契丹大军从祁县城下过完,又走了两日。
这两日里,耶律阮的心情好了不少。
从太原南下以来,一路畅通无阻。
清源的扶危军没敢动,祁县的护圣军没敢动,建雄和昭义两镇节度使的军队也没敢动。
他就这么带着七万人马,大摇大摆地穿过了太原以南的地段,没有遇到任何抵抗。
这种感觉,就像是走在自家的牧场上,想往哪儿走就往哪儿走。
可这种畅通不会持续太久。
出了河东,就是中原腹地。
那里有汴梁,有洛阳,有汉人最富庶的地方,也有汉人最美丽的女人。
但是。
沈冽虽然被他甩在了身后,可郭威还在镇州,耶律洼还在滹沱河跟他耗着。
如果他不能尽快在中原打开局面,若是沈冽真的从忻州追下来,他的处境会更加艰难。
所以耶律阮在做一件事。
整合一切可以整合的力量。
他手里虽说有五万契丹骑兵,但这是他的底牌,不能轻易打出去。
战争需要炮灰,需要步卒,需要那些可以用来攻城拔寨、消耗敌人兵力的人。
刘崇的两万河东军就是这种角色。
可刘崇的兵太少了,也太散了,不够用。
于是他想到了刘崇的部下。
刘继业。
刘继业在孝义,手里还有一万多河东精锐。
这一万多人,是刘崇最后的家底。
耶律阮在太原的时候,就想把刘继业调过来。
可那时候刘继业被扶危军和护圣军堵在南边,动弹不得。
现在契丹大军南下,正好路过孝义。
只要刘继业愿意跟着走,这一万多人就能并入他的大军,成为南下的一支重要力量。
更重要的是,刘继业这个人。耶律阮在太原的时候听刘崇说过,刘继业本姓杨,叫杨重贵,是刘崇的养子,也是河东能力前列的将领。

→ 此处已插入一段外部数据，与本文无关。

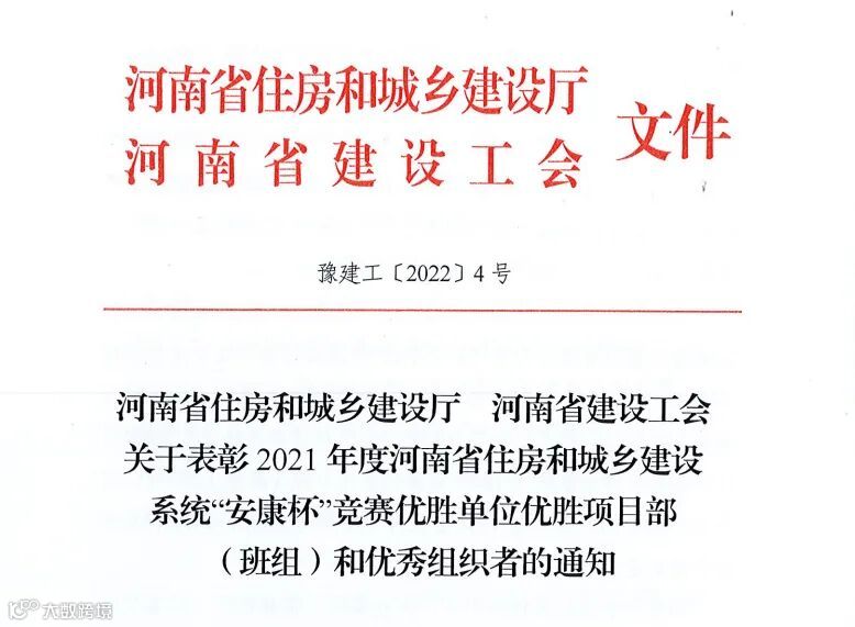 河南省“安康杯”竞赛优胜项目部称号

他在汾州用一场伏击战打残了石守信的龙栖军,把沈冽的北伐计划搅得一塌糊涂。
这样的人,如果能为他所用,比几万个普通士卒都有用。
风过汾水两岸。
刘继业站在城墙上,远远地就能看到一条黑线在平原上,那是契丹大军的前锋。
再往远看,是无边无际的烟尘,遮蔽了半边天空。
七万人马,数万匹战马,这样的阵势,很多人一辈子都没见过。
杨重训走到他身边,压低声音道。
“兄长,契丹人派人来了。刘节帅的信使也来了,说是....要我们烧城,带着兵跟他们南下。”
刘继业没有回头,只是问了一句:“刘节帅....是自愿的?”
杨重训沉默了一会儿,说:“信使说,节帅在太原....契丹人烧了太原城,节帅跟着耶律阮南下了。太原的百姓....死了很多。”
刘继业不由一时无言,但也并未怪刘崇。
因为在那种情况下,刘崇没有别的选择。
可他自然也不认同刘崇的选择。
“信使还在下面等着。”杨重训说。
刘继业微微颔首,随即转过身朝城下走去。
节度使府的正堂里,摆着一张长案,案上放着茶水,刘崇的信使坐在客位上,面前茶碗里的水已经凉了,他倒是没敢喝。
因为在他旁边,还坐着一个契丹人,穿着皮袍,腰挎弯刀。
刘继业走进来的时候,信使立刻站了起来,叉手行礼,嘴唇哆嗦着,欲言又止,而那个契丹人没有站,只是抬起头看了刘继业一眼,然后用生硬的汉语说了一句:“你就是刘继业?”
刘继业看了他一眼,没有回答,径直走到主位上坐下。
契丹人见对方并不言语,脸色变了一下,可终究没有发作。
毕竟是奉命来传话的,不是来打架的。
随即,他从怀里掏出一封信,放在案上推了过去:“皇帝陛下有令,刘将军即刻收集城中粮草,焚毁城郭,率所部南下,与大军会合。”
刘继业没有看那封信,只是看着那个契丹人问了一句:“耶律皇帝要我去哪儿?”
契丹人愣了一下,大概没想到刘继业会这么问,于是皱着眉头想了想,说:“南下,打汴梁。”